This Napoleonic Prisoner of War model is in excellent condition with detailed rigging, nice quarter galleries, a carved rope rub rail, and contrasting accents. The deck has very fine details as well such as the nicely carved bell tower, capstan and other details. The cannon retraction system remains- there is a bar built into the model onto which all of the cannons on the lower deck are connected. If you pull the ball at the stern of the piece the system retracts the cannons. We don't recommend using these pulls because if the pulley system breaks there is no way to repair it while keeping the model together. Overall it's an outstanding presentation and beautiful work of the model's art.
From the very beginning, when the first French prisoner in the British prisons of the Napoleonic Wars started making these models in 1794, they were prized at the highest levels. The level of detail and craftsmanship achieve in such low conditions is extraordinary and even the admirals of the period who brought these models into their own homes knew it. Poor carving tools, with simple materials like the bones from their meals and the straw from their mattresses or off the floor, and no plans to work from- only memory.

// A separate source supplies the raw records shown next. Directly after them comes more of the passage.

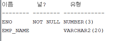 emp 테이블 Describe하기: eno는 NOT NULL이므로 반드시 값을 입력해야함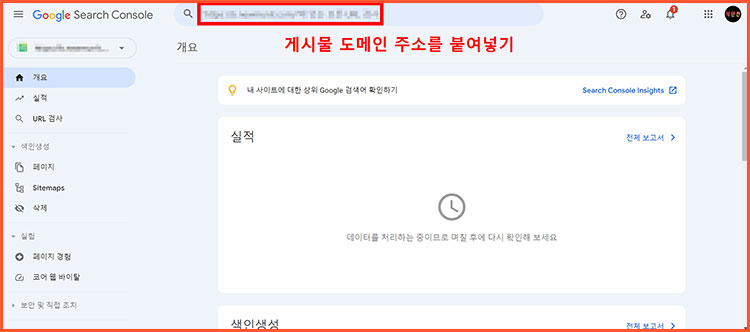 ■ [Google 색인에서 데이터 가져오는 중]이라는 안내창이 나옵니다. 잠시 기다려주세요.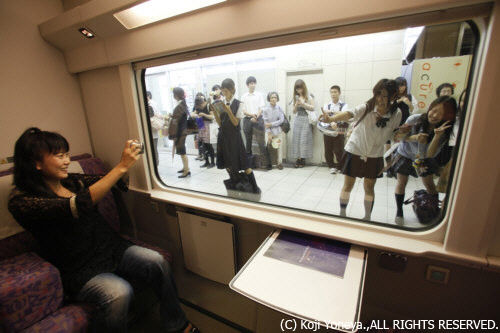 この写真は、カシオペアでの撮影の一コマ。旅情たっぷりで大宮駅を通過すると、ホームには通勤や通学のお客さんが大勢いて、手を振られたそうです。ちょっと気恥ずかしそうですね…。

The finest models would garner prisoners the best rewards in money or favors. Over time the masterworks of this craft have made their way into the finest collections all over the world. No substantial maritime museum would be complete without a model such as this in their collections and they have graced the private collections of Presidents and heads of state.
Like most of the prisoner-made models, this is of a British ship to favor the British officers or guards who were the prisoner's main clientele. However, in this case the subject vessel was also common to the French navy- the class of ships known as "the 74s"
The 74s were two decked ships of the line which were considered the backbone of the British Navy as well as the French Navy's most versatile ships. Developed by the French in the 1740's, the 74s would come to be seen as an excellent size with fine sailing qualities balanced with a good amount of firepower. By the late 1740's the British were copying the French ships with similar vessels soon after making their way into the Spanish, Dutch, Danish and Russian fleets. The designs were modified by each country and sometimes varied in everything from size and weight to the number and type of guns onboard. So it is possible to find 74s with more or less than 74 guns.
These Men-Of-War saw more naval combat in this era than any other type, remaining a major component of naval forces into the early 19th century, though some of these ships remained in service until the late 1800's when they were finally replaced by the ironclads.